Heat stress impacts the multi-domain ruminal microbiota and some of the functional features independent of its effect on feed intake in lactating dairy cows

Tansol Park; Lu Ma; Shengtao Gao; Dengpan Bu; Zhongtang Yu

doi:10.1186/s40104-022-00717-z

Heat stress impacts the multi-domain ruminal microbiota and some of the functional features independent of its effect on feed intake in lactating dairy cows

J Anim Sci Biotechnol. 2022 Jun 15;13(1):71. doi: 10.1186/s40104-022-00717-z.

Authors

Tansol Park^{1

2}, Lu Ma³, Shengtao Gao³, Dengpan Bu^{4

5}, Zhongtang Yu⁶

Affiliations

¹ Department of Animal Sciences, The Ohio State University, Columbus, OH, USA.
² Department of Animal Science and Technology, Chung-Ang University, Anseong-si, Gyeonggi-do, Republic of Korea.
³ State Key Laboratory of Animal Nutrition, Institute of Animal Science, Chinese Academy of Agricultural Sciences, Beijing, 100193, People's Republic of China.
⁴ State Key Laboratory of Animal Nutrition, Institute of Animal Science, Chinese Academy of Agricultural Sciences, Beijing, 100193, People's Republic of China. budengpan@caas.cn.
⁵ CAAS-ICRAF Joint Lab on Agroforestry and Sustainable Animal Husbandry, Beijing, 100193, People's Republic of China. budengpan@caas.cn.
⁶ Department of Animal Sciences, The Ohio State University, Columbus, OH, USA. yu226@osu.edu.

Abstract

Background: Heat stress (HS) affects the ruminal microbiota and decreases the lactation performance of dairy cows. Because HS decreases feed intake, the results of previous studies were confounded by the effect of HS on feed intake. This study examined the direct effect of HS on the ruminal microbiota using lactating Holstein cows that were pair-fed and housed in environmental chambers in a 2 × 2 crossover design. The cows were pair-fed the same amount of identical total mixed ration to eliminate the effect of feed or feed intake. The composition and structure of the microbiota of prokaryotes, fungi, and protozoa were analyzed using metataxonomics and compared between two thermal conditions: pair-fed thermoneutrality (PFTN, thermal humidity index: 65.5) and HS (87.2 for daytime and 81.8 for nighttime).

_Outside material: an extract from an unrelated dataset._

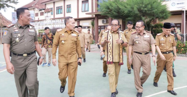 Di SMAN 1 Terbanggi Besar, Pj Samsudin disambut oleh rombongan guru serta jajaran Kepala Sekolah di Kabupaten Lampung Tengah.
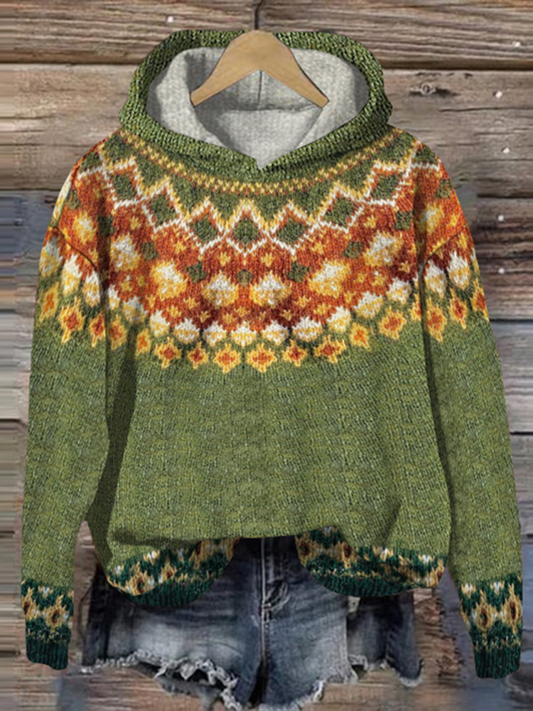 Iceland Geometric Diamond Contrast Jacquard Hooded Sweater

Results: The HS conditions altered the structure of the prokaryotic microbiota and the protozoal microbiota, but not the fungal microbiota. Heat stress significantly increased the relative abundance of Bacteroidetes (primarily Gram-negative bacteria) while decreasing that of Firmicutes (primarily Gram-positive bacteria) and the Firmicutes-to-Bacteroidetes ratio. Some genera were exclusively found in the heat-stressed cows and thermal control cows. Some co-occurrence and mutual exclusion between some genera were also found exclusively for each thermal condition. Heat stress did not significantly affect the overall functional features predicted using the 16S rRNA gene sequences and ITS1 sequences, but some enzyme-coding genes altered their relative abundance in response to HS.

Conclusions: Overall, HS affected the prokaryotes, fungi, and protozoa of the ruminal microbiota in lactating Holstein cows to a different extent, but the effect on the structure of ruminal microbiota and functional profiles was limited when not confounded by the effect on feed intake. However, some genera and co-occurrence were exclusively found in the rumen of heat-stressed cows. These effects should be attributed to the direct effect of heat stress on the host metabolism, physiology, and behavior. Some of the "heat-stress resistant" microbes may be useful as potential probiotics for cows under heat stress.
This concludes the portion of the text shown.